Figure 7. Targeting both the CD137 and S100A4 pathways in mice diminishes liver toxicity but retains antitumor immunity. Three groups of C57BL/six mice (n = 5 per group) were treated with RatIg, 2A, or 2A plus anti-S100A4 mAb 4 times on days 8, 11, 14, and 18. (A) The kinetics of tumor growth in these three groups are shown. ##p < 0.01. (B) Serum ALT levels in these three groups are shown. Day 0 represents the first day of 2A injection. #p < 0.05. (C) Liver tissue collected 7 or 14 d after the first injection of 2A were stained with H&E and Sirius red. Representative FACS data showing the proportions of CD4⁺ T cells and CD8⁺ T cells and statistical analysis of CD8⁺ T cells in the (D) tumor and (E) liver. #p < 0.05. (F) Representative IHC staining for CD8⁺ in tumor sections from different groups.

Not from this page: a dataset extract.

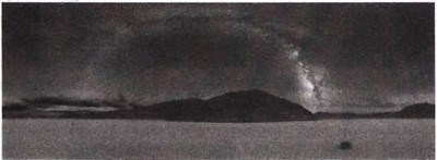 Рис. 20.11. Направление на центр Галактики лежит между созвездиями Стрелец и Скорпион, невысоко над горизонтом в правой части этой прекрасной фотопанорамы Долины Смерти. Заметьте, что пылевые облака растянулись вдоль полосы Млечного Пути. Фото получено Дэном Дуриско (Dan Duriscoe, U. S. National Park Service) no программе исследования светового загрязнения среды и разработки методов защиты оставшихся на Земле мест с темным небом.

Figure 8. The role of S100A4 in anti-CD137-induced liver toxicity. CD8⁺ T cells, mainly the memory T cells, are activated by the anti-CD137 antibody in the liver and secrete large amounts of IFNγ, leading to the activation of macrophages and liver toxicity. During this process, large amounts of S100A4 are produced specifically inside of the liver and enhance CD8⁺ T cell survival, further amplifying the liver damage. Targeting S100A4 with an S100A4 blocking antibody affects CD8⁺ T cell survival and causes minimal liver toxicity. Similar effects could also be obtained by S100A4 deficiency or depletion of S100A4-positive macrophages.